Investigators rated the effectiveness, as assessed by improvement of wrinkles, pigmentation, and overall skin, as good to very good in 50% of the subjects. The average wrinkle score and pigment score mirrored this effectiveness, with reductions from 4.3 and 4 to 2.8 and 2.7, respectively, at the end of the study. These reductions were statistically significant as compared with baseline (P<.01, t test for paired data). Subject assessment and satisfaction confirmed the results as at least 65% of the subjects graded the results as good to very good at the 3-month followup visit, and more than 85% of the subjects were satisfied with the treatment. There was a high correlation (0.79) between the subjects' perception of improvement and satisfaction.

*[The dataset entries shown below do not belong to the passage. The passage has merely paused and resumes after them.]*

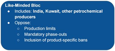 - India reiterated its opposition to binding commitments on product phase-outs, aligning with a bloc of oil-producing nations.
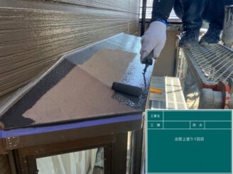 出窓塗装です。中塗り・上塗りの2回塗りを行っています。
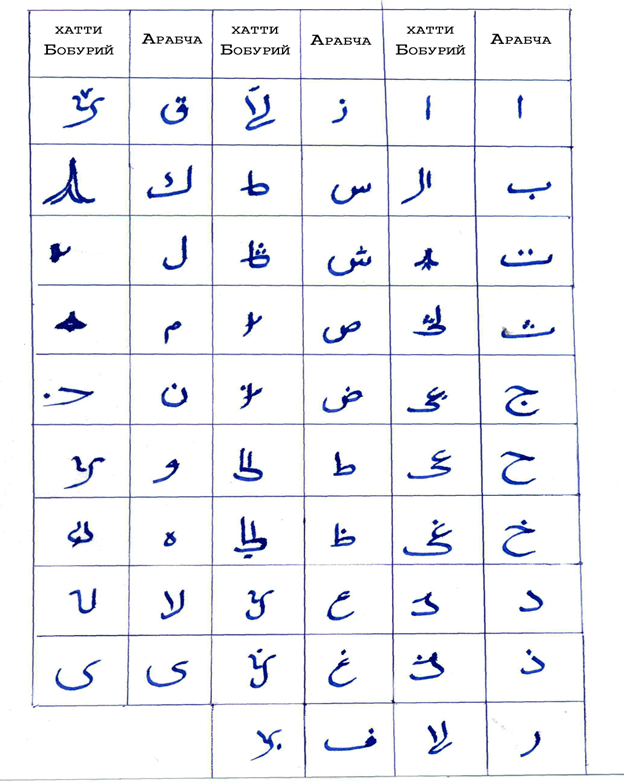Бобурий хати эмасдур хафти сиғноқийдур.
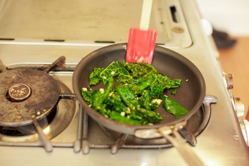 Spread each slice of bread with half of the cheese. Top with kale mixture, dividing evenly.
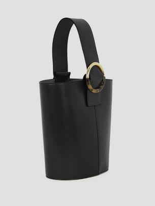 Sac en cuir de veau brossé noir porté main avec boucle façon écaille de tortue de Tara Jarmon
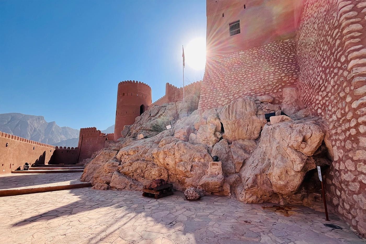 Herefter fortsætter vi mod Nakhal Fort, som ligger smukt og højthævet med daddelpalmer hele vejen rundt. Vores lokale guide fortæller om fortets histori, der dateres tilbage til før-islam. Ikke langt fra Nakhal Fort ligger Ain Al Thowarah, som er et lille, varmt kildeudspring. Stedet er hverken stort eller prangende, men vi gør alligevel holdt, og det er muligt at sænke ømme fødder ned i floden og få en naturlig og gratis pedicure. De små fisk strømmer nemlig til og giver sig til at nippe af huden på fødderne.
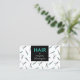 Un carte de visite chic coiffeur styliste en blanc avec un motif moderne de ciseaux et peignes en noir et turquoise. Votre nom dans une combinaison de police moderne sans serif et joli script.

From this initial clinical study, the evaluation to treat skin of color was warranted in 5 individuals in a commercial setting and will be outlined in this report. This report will review the Acu- Pulse device itself and some early clinical experience and will detail new experience utilizing the machine on patients with skin of color. As patients with skin of color are a growing population in the field of dermatology, establishing the safety and efficacy of laser devices is a priority in their care. The purpose of this report is to discuss the safety and efficacy of this new device in a diverse population of patients with skin of color.